## WHAT YOU NEED TO DO:
In your copy, include every line of the listing below exactly but none of the pictures.

## SUPPLIED MATERIAL:
--------

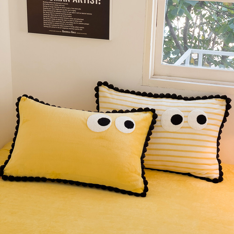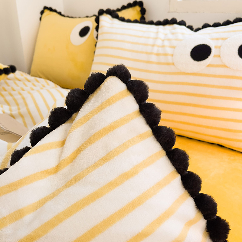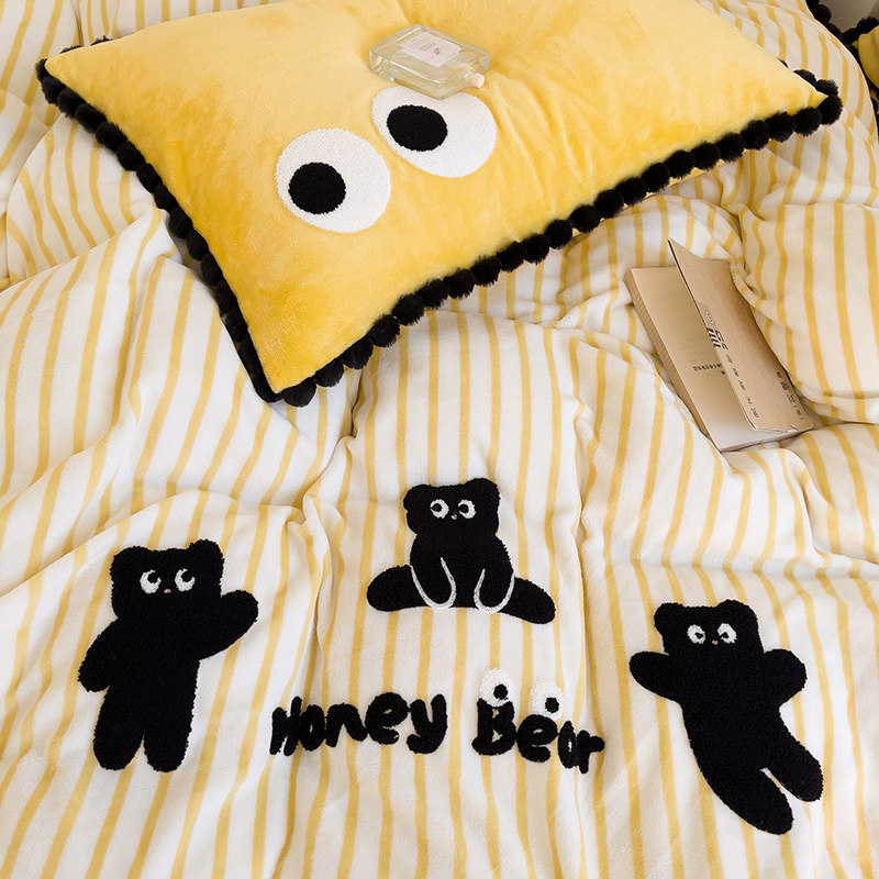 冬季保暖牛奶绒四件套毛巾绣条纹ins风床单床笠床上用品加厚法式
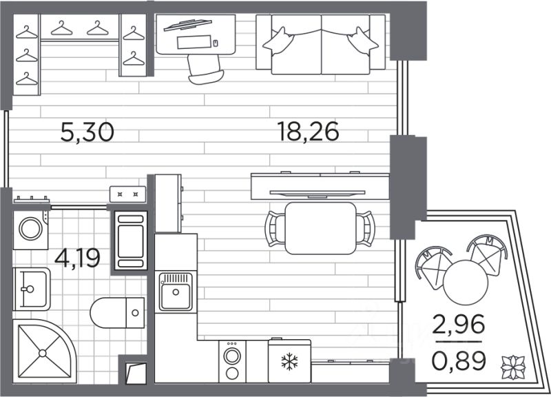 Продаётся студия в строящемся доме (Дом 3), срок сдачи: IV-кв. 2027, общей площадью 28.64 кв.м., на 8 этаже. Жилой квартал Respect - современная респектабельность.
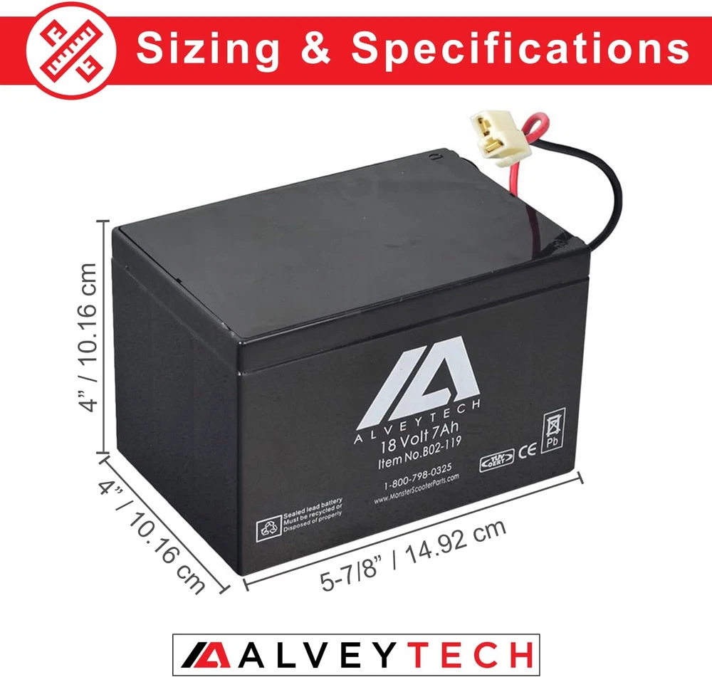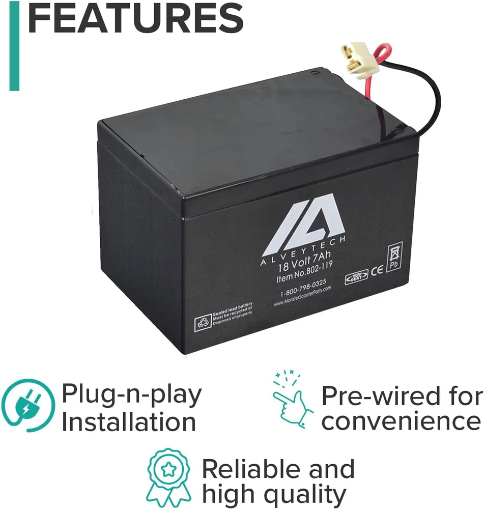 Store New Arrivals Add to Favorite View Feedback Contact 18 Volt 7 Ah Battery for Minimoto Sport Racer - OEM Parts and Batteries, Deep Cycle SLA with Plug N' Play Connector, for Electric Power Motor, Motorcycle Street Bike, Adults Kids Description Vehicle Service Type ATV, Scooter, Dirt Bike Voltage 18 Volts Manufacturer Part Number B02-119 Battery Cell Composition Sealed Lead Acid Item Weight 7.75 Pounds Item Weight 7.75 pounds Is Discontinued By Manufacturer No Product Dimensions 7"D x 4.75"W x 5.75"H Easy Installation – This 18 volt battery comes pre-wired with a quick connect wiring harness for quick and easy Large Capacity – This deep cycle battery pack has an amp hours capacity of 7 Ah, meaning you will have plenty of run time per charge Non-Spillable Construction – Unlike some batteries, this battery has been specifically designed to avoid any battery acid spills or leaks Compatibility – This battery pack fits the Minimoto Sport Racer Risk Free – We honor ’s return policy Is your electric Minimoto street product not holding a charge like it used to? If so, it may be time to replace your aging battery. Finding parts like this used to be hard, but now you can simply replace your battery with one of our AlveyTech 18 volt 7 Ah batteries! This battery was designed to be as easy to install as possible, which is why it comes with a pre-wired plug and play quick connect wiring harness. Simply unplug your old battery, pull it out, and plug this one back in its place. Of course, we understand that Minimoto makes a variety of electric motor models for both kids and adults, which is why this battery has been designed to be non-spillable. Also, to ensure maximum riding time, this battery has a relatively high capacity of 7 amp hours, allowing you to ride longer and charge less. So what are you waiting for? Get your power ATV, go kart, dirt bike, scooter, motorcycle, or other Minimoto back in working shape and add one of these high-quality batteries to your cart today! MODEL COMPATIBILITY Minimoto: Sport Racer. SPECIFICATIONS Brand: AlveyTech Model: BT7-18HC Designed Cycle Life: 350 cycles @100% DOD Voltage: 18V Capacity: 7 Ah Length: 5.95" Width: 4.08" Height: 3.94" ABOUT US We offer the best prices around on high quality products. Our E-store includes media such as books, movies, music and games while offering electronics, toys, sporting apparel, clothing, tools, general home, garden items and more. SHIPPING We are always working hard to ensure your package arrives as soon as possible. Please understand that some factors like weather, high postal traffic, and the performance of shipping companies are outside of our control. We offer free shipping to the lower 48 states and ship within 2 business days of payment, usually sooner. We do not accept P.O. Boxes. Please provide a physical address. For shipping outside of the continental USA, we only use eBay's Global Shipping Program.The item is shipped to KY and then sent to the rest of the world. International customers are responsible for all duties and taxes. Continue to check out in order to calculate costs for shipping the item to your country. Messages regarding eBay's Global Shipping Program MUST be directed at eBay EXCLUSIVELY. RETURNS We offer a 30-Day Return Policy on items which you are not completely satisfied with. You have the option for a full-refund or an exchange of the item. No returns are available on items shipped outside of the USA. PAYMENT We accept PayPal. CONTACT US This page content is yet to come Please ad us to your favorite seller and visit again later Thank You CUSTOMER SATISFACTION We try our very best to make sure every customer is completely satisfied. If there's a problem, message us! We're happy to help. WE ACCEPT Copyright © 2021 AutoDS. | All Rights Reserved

--------

## FINISHED TASK:
 冬季保暖牛奶绒四件套毛巾绣条纹ins风床单床笠床上用品加厚法式
 Продаётся студия в строящемся доме (Дом 3), срок сдачи: IV-кв. 2027, общей площадью 28.64 кв.м., на 8 этаже. Жилой квартал Respect - современная респектабельность.
 Store New Arrivals Add to Favorite View Feedback Contact 18 Volt 7 Ah Battery for Minimoto Sport Racer - OEM Parts and Batteries, Deep Cycle SLA with Plug N' Play Connector, for Electric Power Motor, Motorcycle Street Bike, Adults Kids Description Vehicle Service Type ATV, Scooter, Dirt Bike Voltage 18 Volts Manufacturer Part Number B02-119 Battery Cell Composition Sealed Lead Acid Item Weight 7.75 Pounds Item Weight 7.75 pounds Is Discontinued By Manufacturer No Product Dimensions 7"D x 4.75"W x 5.75"H Easy Installation – This 18 volt battery comes pre-wired with a quick connect wiring harness for quick and easy Large Capacity – This deep cycle battery pack has an amp hours capacity of 7 Ah, meaning you will have plenty of run time per charge Non-Spillable Construction – Unlike some batteries, this battery has been specifically designed to avoid any battery acid spills or leaks Compatibility – This battery pack fits the Minimoto Sport Racer Risk Free – We honor ’s return policy Is your electric Minimoto street product not holding a charge like it used to? If so, it may be time to replace your aging battery. Finding parts like this used to be hard, but now you can simply replace your battery with one of our AlveyTech 18 volt 7 Ah batteries! This battery was designed to be as easy to install as possible, which is why it comes with a pre-wired plug and play quick connect wiring harness. Simply unplug your old battery, pull it out, and plug this one back in its place. Of course, we understand that Minimoto makes a variety of electric motor models for both kids and adults, which is why this battery has been designed to be non-spillable. Also, to ensure maximum riding time, this battery has a relatively high capacity of 7 amp hours, allowing you to ride longer and charge less. So what are you waiting for? Get your power ATV, go kart, dirt bike, scooter, motorcycle, or other Minimoto back in working shape and add one of these high-quality batteries to your cart today! MODEL COMPATIBILITY Minimoto: Sport Racer. SPECIFICATIONS Brand: AlveyTech Model: BT7-18HC Designed Cycle Life: 350 cycles @100% DOD Voltage: 18V Capacity: 7 Ah Length: 5.95" Width: 4.08" Height: 3.94" ABOUT US We offer the best prices around on high quality products. Our E-store includes media such as books, movies, music and games while offering electronics, toys, sporting apparel, clothing, tools, general home, garden items and more. SHIPPING We are always working hard to ensure your package arrives as soon as possible. Please understand that some factors like weather, high postal traffic, and the performance of shipping companies are outside of our control. We offer free shipping to the lower 48 states and ship within 2 business days of payment, usually sooner. We do not accept P.O. Boxes. Please provide a physical address. For shipping outside of the continental USA, we only use eBay's Global Shipping Program.The item is shipped to KY and then sent to the rest of the world. International customers are responsible for all duties and taxes. Continue to check out in order to calculate costs for shipping the item to your country. Messages regarding eBay's Global Shipping Program MUST be directed at eBay EXCLUSIVELY. RETURNS We offer a 30-Day Return Policy on items which you are not completely satisfied with. You have the option for a full-refund or an exchange of the item. No returns are available on items shipped outside of the USA. PAYMENT We accept PayPal. CONTACT US This page content is yet to come Please ad us to your favorite seller and visit again later Thank You CUSTOMER SATISFACTION We try our very best to make sure every customer is completely satisfied. If there's a problem, message us! We're happy to help. WE ACCEPT Copyright © 2021 AutoDS. | All Rights Reserved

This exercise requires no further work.